Wednesday, August 12, 2009
A (Belated) Review of "The Los Angeles Diaries"
A powerful—and true—memoir of addiction.
I’ll admit it: I don’t like drug memoirs. I didn’t like drug memoirs even before James Frey blew up the whole genre by telling a heartfelt story about addiction that turned out to be a tissue of lies.
But The Los Angeles Diaries by James Brown transcends all that. I’ve never read a better true story about addiction. It’s also one of the best modern autobiographies I have ever read, addiction notwithstanding. In addition to having been an alcoholic and a meth head, James Brown is a very talented writer, the author of four novels, and it shows.
First published in 2003, The Los Angeles Diaries is a spare, utterly harrowing account of the author’s experience in a family marked by a history of virulent alcoholism. Brown’s unvarnished truth-telling about addiction is evident early on: “I know there’s no excuse for getting drunk when you’re supposed to be home with your family and I wish knowing this would stop me from doing it. I wish that’s all it took. That I could will it to happen. But it doesn’t work that way, it never has, and in my state of mind, at this particular moment, I can’t imagine living without it.”

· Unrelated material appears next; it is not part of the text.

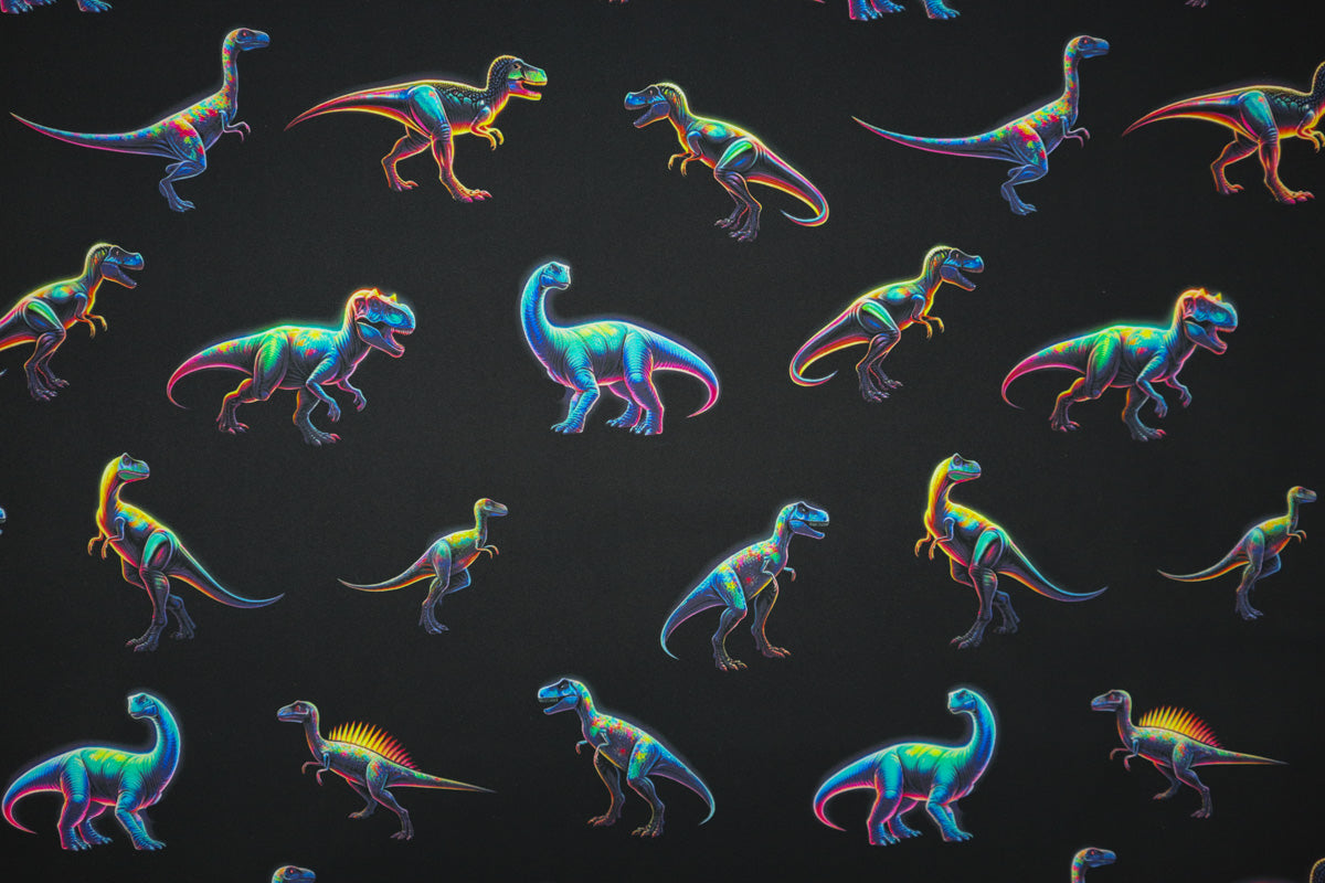 Angesagtes Muster mit bunten Dinos in Neonfarben auf schwarzem Hintergrund.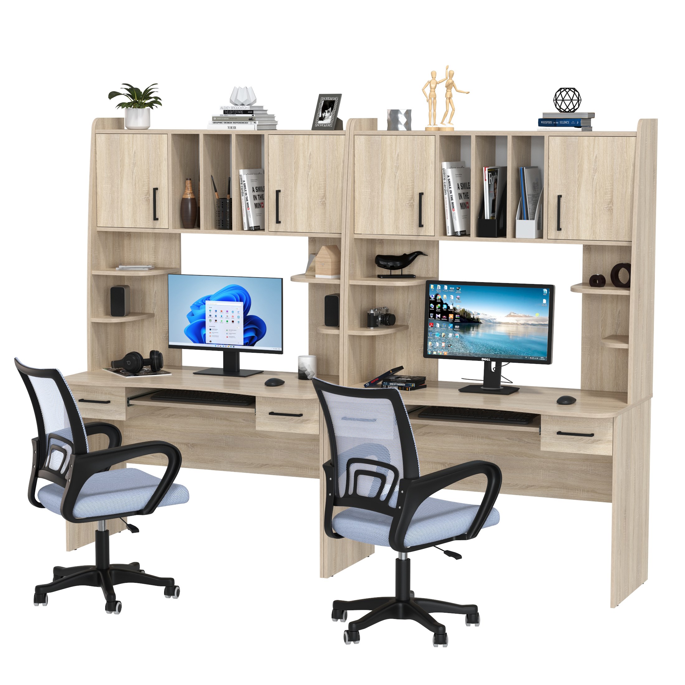 Каждый стол оборудован надстройкой с двумя закрытыми отделениями, открытыми полками и нишами с перегородками, что обеспечивает удобное хранение книг, документов и аксессуаров. Столешницы с плавно закруглёнными краями обеспечивают безопасность и комфорт при использовании, а также достаточно широки для размещения мониторов или ноутбуков. Под каждой столешницей предусмотрены выдвижные ящики для канцелярии и полки для клавиатуры — всё продумано для эргономичной и организованной работы.

While offering up memorable sketches of his boyhood in Los Angeles, Brown paints a devastating picture of the “denial and rage” that characterize full-blown addiction. He deals with the suicide of family members, divorce, the neglect of his children—all of it caused by addiction—without a shred of self-justification. It is, he writes, “a constant quest for more when there can never be enough.”
Interspersed throughout are the author’s mordantly funny adventures in the screen trade, as book after book is optioned for the movies, taken apart and ultimately scrapped before reaching the screen. However, we are never far from the author’s chilling revelation: “Never underestimate the power of denial.”
I can’t improve on the review that appeared in Washington Post Book World: “It’s the balance of agony and grace, of course, that makes life so ferociously interesting. Brown has perfectly captured that balance in his unpretentious, very profound book.”
Inspiring, witty, and bleak, all at the same time, James Brown’s book will appeal to anyone with an interest in addiction—and anyone who enjoys tough, spare prose.